There were 175 households in Oglesby, of which 31.4% had children under the age of 18 living in them. Of all households, 44.0% were married-couple households, 20.0% were households with a male householder and no spouse or partner present, and 29.7% were households with a female householder and no spouse or partner present. About 22.3% of all households were made up of individuals and 14.3% had someone living alone who was 65 years of age or older.

There were 203 housing units, of which 13.8% were vacant. The homeowner vacancy rate was 1.5% and the rental vacancy rate was 0.0%.

0.0% of residents lived in urban areas, while 100.0% lived in rural areas.

Racial composition as of the 2020 census
| Race | Number | Percent |
|---|---|---|
| White | 352 | 79.8% |
| Black or African American | 5 | 1.1% |
| American Indian and Alaska Native | 2 | 0.5% |
| Asian | 2 | 0.5% |
| Native Hawaiian and Other Pacific Islander | 0 | 0.0% |
| Some other race | 43 | 9.8% |
| Two or more races | 37 | 8.4% |
| Hispanic or Latino (of any race) | 105 | 23.8% |

===2000 census===

As of the 2000 census, there were 458 people, 174 households, and 120 families residing in the city. The population density was 930.1 PD/sqmi. There were 194 housing units at an average density of 394.0 /sqmi. The racial makeup of the city was 91.70% White, 1.53% Native American, 6.55% from other races, and 0.22% from two or more races. Hispanic or Latino of any race were 11.35% of the population.

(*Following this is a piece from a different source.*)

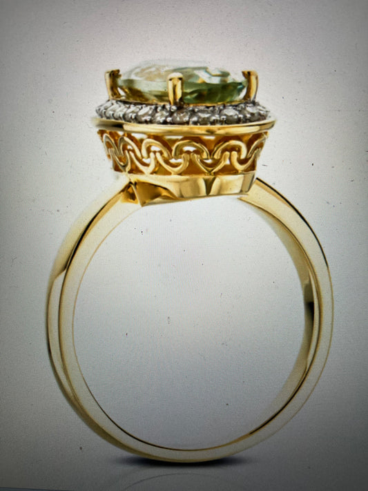 9ct Yellow Gold 0.15ct Diamond Green Amethyst Oval Ring

There were 174 households, out of which 36.2% had children under the age of 18 living with them, 51.1% were married couples living together, 11.5% had a female householder with no husband present, and 30.5% were non-families. 28.7% of all households were made up of individuals, and 19.5% had someone living alone who was 65 years of age or older. The average household size was 2.63 and the average family size was 3.24.

In the city, the population was spread out, with 28.4% under the age of 18, 8.1% from 18 to 24, 26.9% from 25 to 44, 23.6% from 45 to 64, and 13.1% who were 65 years of age or older. The median age was 36 years. For every 100 females, there were 90.0 males. For every 100 females age 18 and over, there were 83.2 males.

The median income for a household in the city was $26,429, and the median income for a family was $35,000. Males had a median income of $27,500 versus $18,056 for females. The per capita income for the city was $17,433. About 9.8% of families and 13.1% of the population were below the poverty line, including 15.7% of those under age 18 and 20.3% of those age 65 or over.
==Education==
The city is served by the Oglesby Independent School District and is home to the Oglesby School Tigers.